--- What to work on ---
Down to the last line, reproduce the data that follows, but skip the pictures.

--- Collected data ---
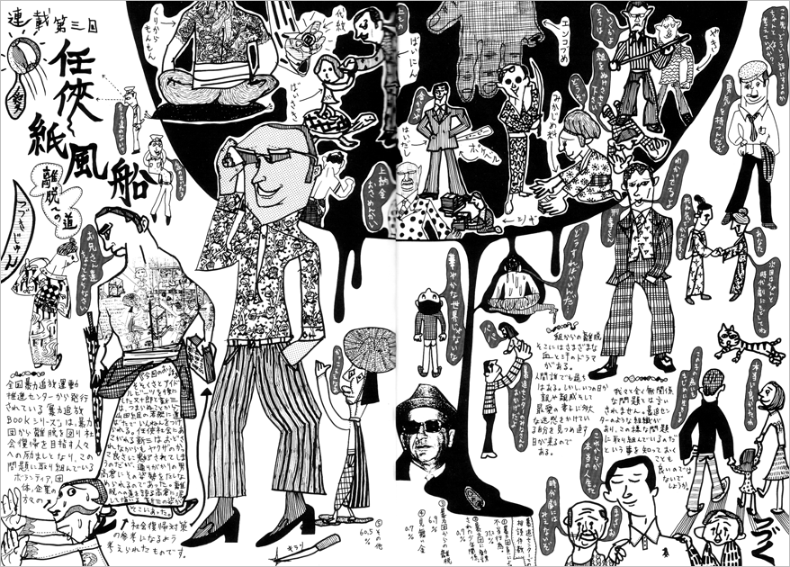 高倉というキャラクターが初登場し以降この旅に付き添うこととなります。背中の入れ墨が前回までのあらすじになっています。ほぼ中央下部に「アメリカを葬った男」とあだ名された、サミュエル・ジアンカーナというマフィアのボスもコラージュしました。そういえばタイトルが「任侠紙風船」になってますね。フレキシブルですね。
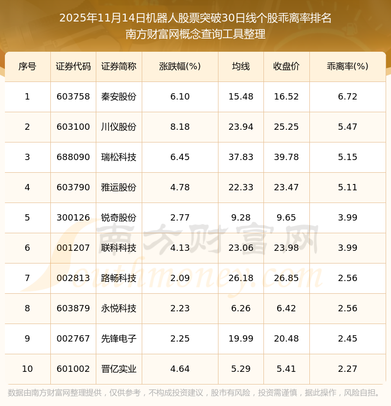 根据开云手机web版登录入口概念查询工具数据统计,截止2025年11月14日收盘,机器人股票共有15只个股收盘价向上突破了30日线。其中乖离率较大的个股有秦安股份、川仪股份、瑞松科技等,乖离率分别为6.72%、5.47%、5.15%。
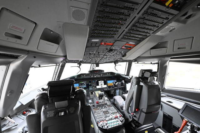 パリ航空ショーで公開された777-9飛行試験機のコックピット=23年6月18日 PHOTO: Tadayuki YOSHIKAWA/Aviation Wire

--- Task answer ---
 高倉というキャラクターが初登場し以降この旅に付き添うこととなります。背中の入れ墨が前回までのあらすじになっています。ほぼ中央下部に「アメリカを葬った男」とあだ名された、サミュエル・ジアンカーナというマフィアのボスもコラージュしました。そういえばタイトルが「任侠紙風船」になってますね。フレキシブルですね。
 根据开云手机web版登录入口概念查询工具数据统计,截止2025年11月14日收盘,机器人股票共有15只个股收盘价向上突破了30日线。其中乖离率较大的个股有秦安股份、川仪股份、瑞松科技等,乖离率分别为6.72%、5.47%、5.15%。
 パリ航空ショーで公開された777-9飛行試験機のコックピット=23年6月18日 PHOTO: Tadayuki YOSHIKAWA/Aviation Wire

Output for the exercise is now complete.